One of the hashtags that I often see pop up in my Twitter feed is #MondayBlogs, and one of the posts that caught my eye on Monday was BHAG or be SMART, Creatives? The Answer is Yes by Paula Reed Nancarrow. Like so many other people, I sat down and came up with resolutions and goals for 2015, and I’m already failing at some of them.
Except I’m not. I feel like I am because I’m not being as productive as I want to be, but I’m conveniently forgetting that my productivity goals are where I’d like to be, not where I am now. If I was already hitting them, they wouldn’t be goals, and I wouldn’t need the intermediate step of experimenting with different time management techniques to figure out what works best for me. (That is my task for January and February: track my time and try different things to see what helps and what hinders my creative output.)

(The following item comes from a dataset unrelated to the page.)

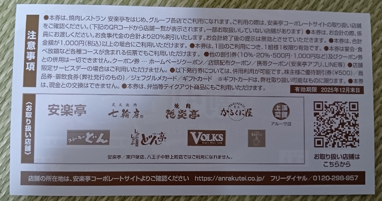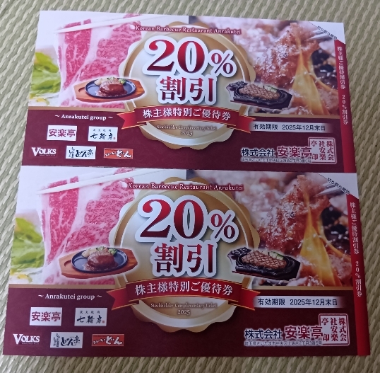 2枚セット 12/末 安楽亭 株主様特別ご優待券 20%割引券 送料0 七輪房 フォルクス VOLKS どん亭 ステーキのどん 焼肉 食事 クーポン 宴会

Paula Reed Nancarrow’s post helped me crystalize some of my thoughts about my personal and creative goals for this year. I’m familiar with SMART goals (Specific, Measurable, Achievable, Relevant, and Timed). One of my previous managers at work drilled them into my head, and making SMART goals has helped me with my writing the past couple of years. Now I’m in a position where I want to up my game. I want to write cleaner first drafts so the second draft isn’t so daunting. I want to write faster so it doesn’t take so long to get through a first draft. I want to write at least an hour each day so I can learn to write faster and cleaner.

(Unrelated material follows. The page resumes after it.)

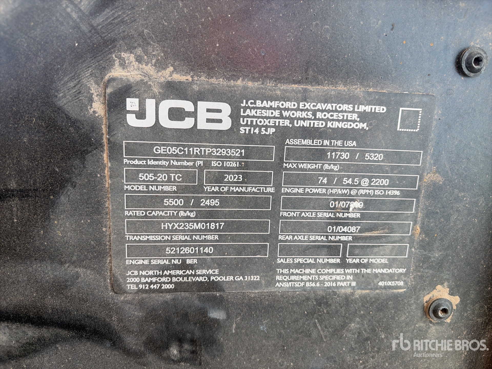 Cabine fermée, climatisation, hauteur de levage maximale de 6 m, capacité de levage maximale de 2500 kg, étiquette EPA américaine 2022, fourches de 122 cm, coupleur hydraulique, circuit hydraulique auxiliaire, pneus 33x12-20

And most importantly, I want to balance my writing with my other interests. I want to have the time to keep up my daily walks, read more books, and play with my food.

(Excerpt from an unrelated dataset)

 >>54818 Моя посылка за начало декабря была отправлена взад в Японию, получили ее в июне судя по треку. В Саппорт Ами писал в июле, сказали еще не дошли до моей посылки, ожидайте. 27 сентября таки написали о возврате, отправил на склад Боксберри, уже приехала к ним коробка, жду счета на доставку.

I’m struggling with the balance. Part of why I’m struggling is because I don’t know how to SMART it up. Now I don’t need to. In the post I linked, Paula Reed Nancarrow mentions having a Big Hairy Audacious Goal (BHAG). That’s my balance. Like her, I want to be a Time Lord. Well, no. I want to be a plate spinner. Or a juggler. Basically, I want to be able to manage all the things that give me satisfaction so I’m happy and both producing and consuming things I love.
Thinking in those terms has me looking over my “failures” so far this month and realizing they’re the first steps towards something big. And looking towards where I want to be–what I want to be–is helping me convince myself that I do indeed owe myself an audacious goal.
Do you set goals or resolutions? How do you manage your to-do list? (Or is it a to-do list of doom?)